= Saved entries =
• • • •

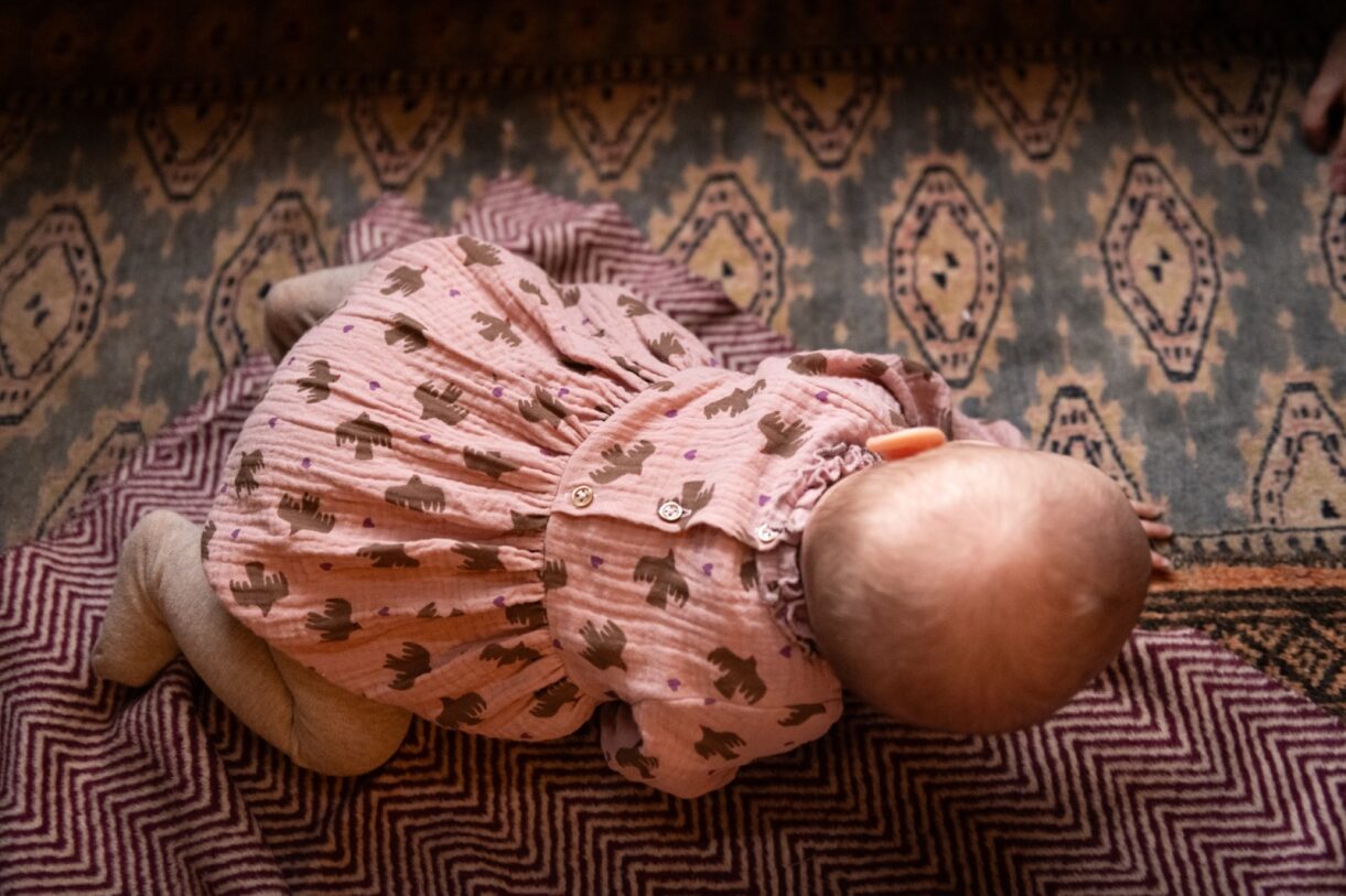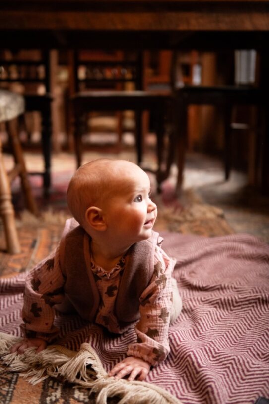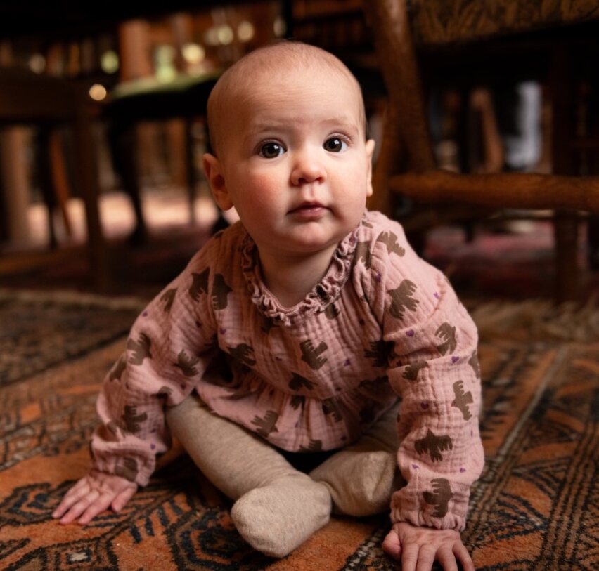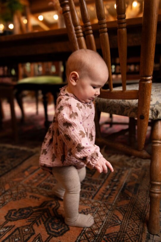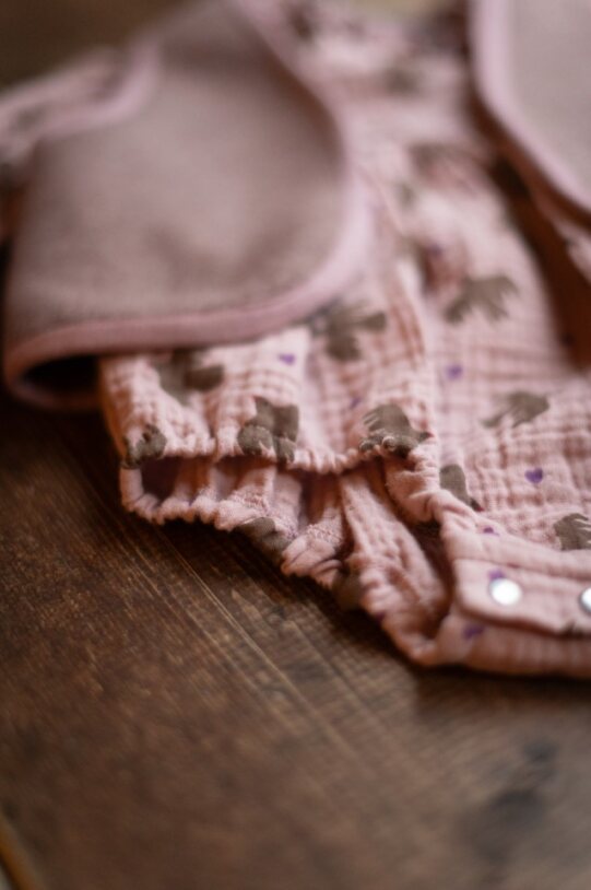 Een hydrofiel baby romper met vogel print. Deze onesie heeft lange mouwen met elastiek en een ruche langs de hals. Op het rugpand een knoopsluiting en drukkers in het kruis voor gemakkelijk verschonen.
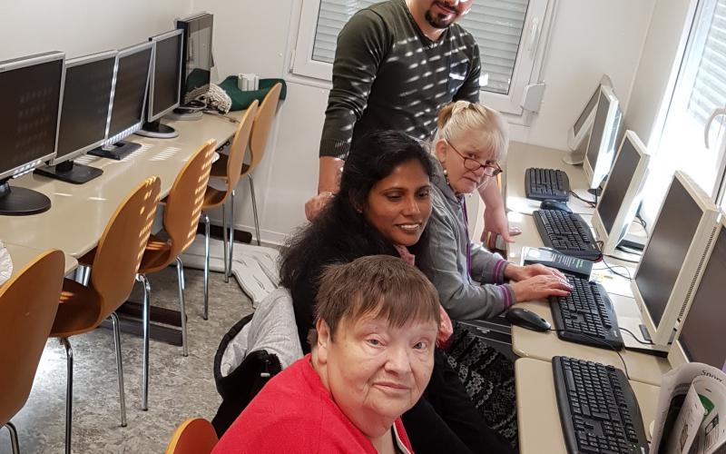 Es bestand großer Bedarf und große Nachfrage nach Fortbildungen im Bereich Computer. Nun macht ein syrischer Flüchtling mit vier älteren Damen jeden Samstag von 15.00 Uhr bis 16.30 Uhr den Unterricht. Die Teilnehmer kommen aus Polen, aus Russland, aus Afghanistan und aus Deutschland. Dieses Projekt findet einen sehr großen Anklang. Die Leute sind mit sehr viel Elan und Freude dabei.
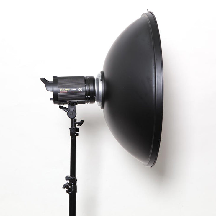 This Beauty Dish is perfect for lighting portraits; it offers a dramatic light that wraps around your subject's face, providing a classic look to your portraiture photography.
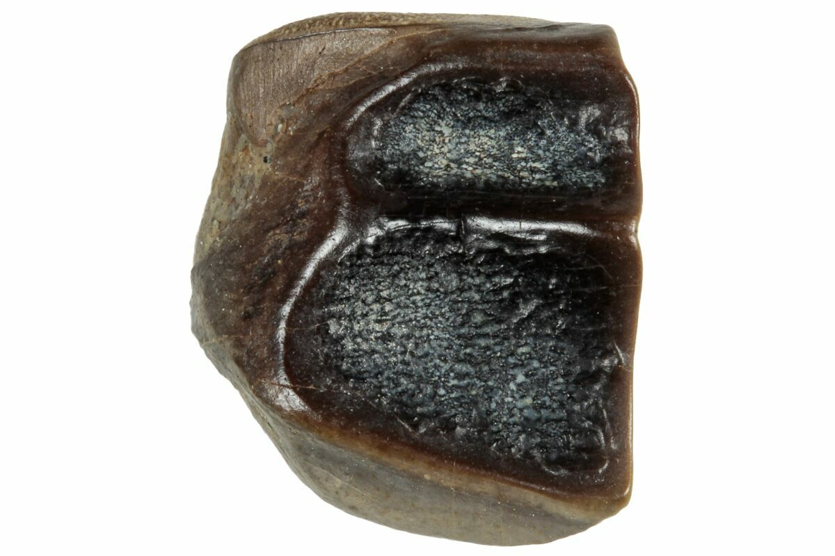 This tooth is a shed tooth or "spitter" and has a polished upper surface indicative of wear from grinding food.
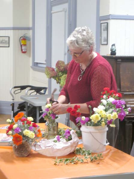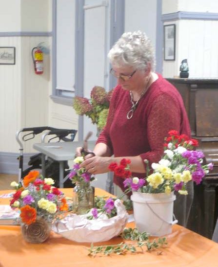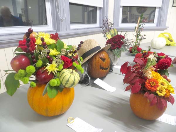 Mini show – The Harriston and District Horticultural Society met on Oct. 16. PHOTO ONE: Dorothy Noecker of Moorefield showed members how to arrange fall flowers. PHOTO TWO: The mini show featured plenty of colourful and imaginative arrangements. Sally Andrade won the People’s Choice award in the Decorate a Pumpkin category, and Dorelene Anderson won for her abstract design Outside the Box. Members were also able to trade seeds and fall bulbs, to be ready for next spring. Submitted photos
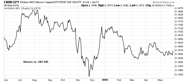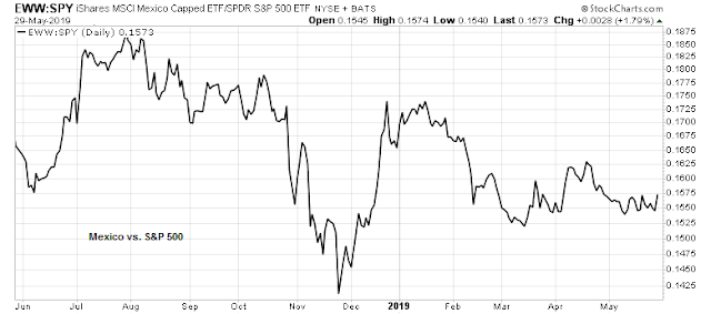 Another possible diversifying element for US equity portfolios might be Mexican stocks. While the trade dispute with China is driving production out of China, the production is not returning to the US, but into Southeast Asian countries, and Mexico. The likely ratification of NAFTA 2.0 by all three countries could also provide a boost to Mexican stocks.
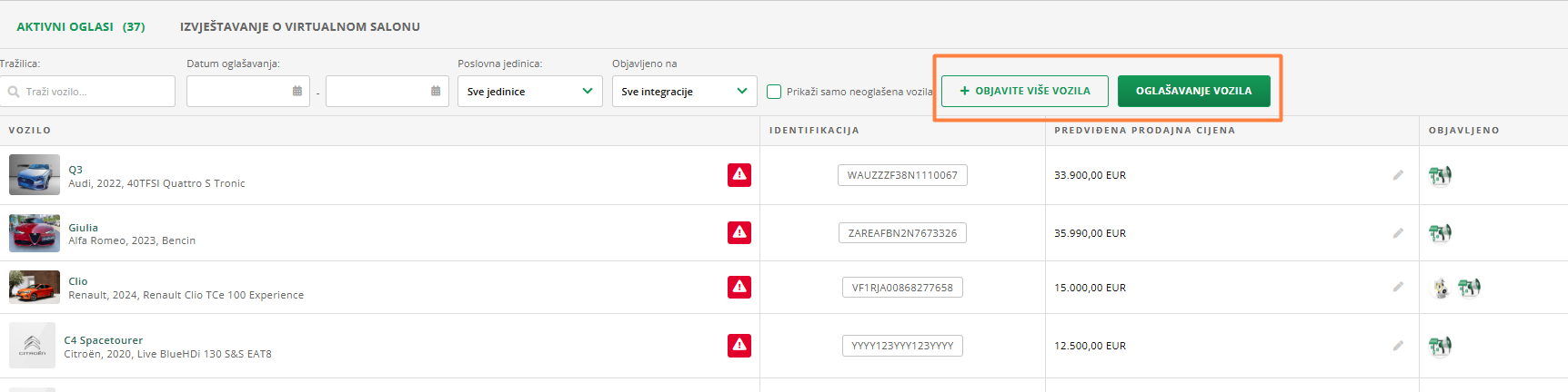 - Otvara se popis svih vozila koja već oglašavate.

• • • •

Reproduce the whole of the data, word for word, and omit its pictures.

 Een hydrofiel baby romper met vogel print. Deze onesie heeft lange mouwen met elastiek en een ruche langs de hals. Op het rugpand een knoopsluiting en drukkers in het kruis voor gemakkelijk verschonen.
 Es bestand großer Bedarf und große Nachfrage nach Fortbildungen im Bereich Computer. Nun macht ein syrischer Flüchtling mit vier älteren Damen jeden Samstag von 15.00 Uhr bis 16.30 Uhr den Unterricht. Die Teilnehmer kommen aus Polen, aus Russland, aus Afghanistan und aus Deutschland. Dieses Projekt findet einen sehr großen Anklang. Die Leute sind mit sehr viel Elan und Freude dabei.
 This Beauty Dish is perfect for lighting portraits; it offers a dramatic light that wraps around your subject's face, providing a classic look to your portraiture photography.
 This tooth is a shed tooth or "spitter" and has a polished upper surface indicative of wear from grinding food.
 Mini show – The Harriston and District Horticultural Society met on Oct. 16. PHOTO ONE: Dorothy Noecker of Moorefield showed members how to arrange fall flowers. PHOTO TWO: The mini show featured plenty of colourful and imaginative arrangements. Sally Andrade won the People’s Choice award in the Decorate a Pumpkin category, and Dorelene Anderson won for her abstract design Outside the Box. Members were also able to trade seeds and fall bulbs, to be ready for next spring. Submitted photos
 Another possible diversifying element for US equity portfolios might be Mexican stocks. While the trade dispute with China is driving production out of China, the production is not returning to the US, but into Southeast Asian countries, and Mexico. The likely ratification of NAFTA 2.0 by all three countries could also provide a boost to Mexican stocks.
 - Otvara se popis svih vozila koja već oglašavate.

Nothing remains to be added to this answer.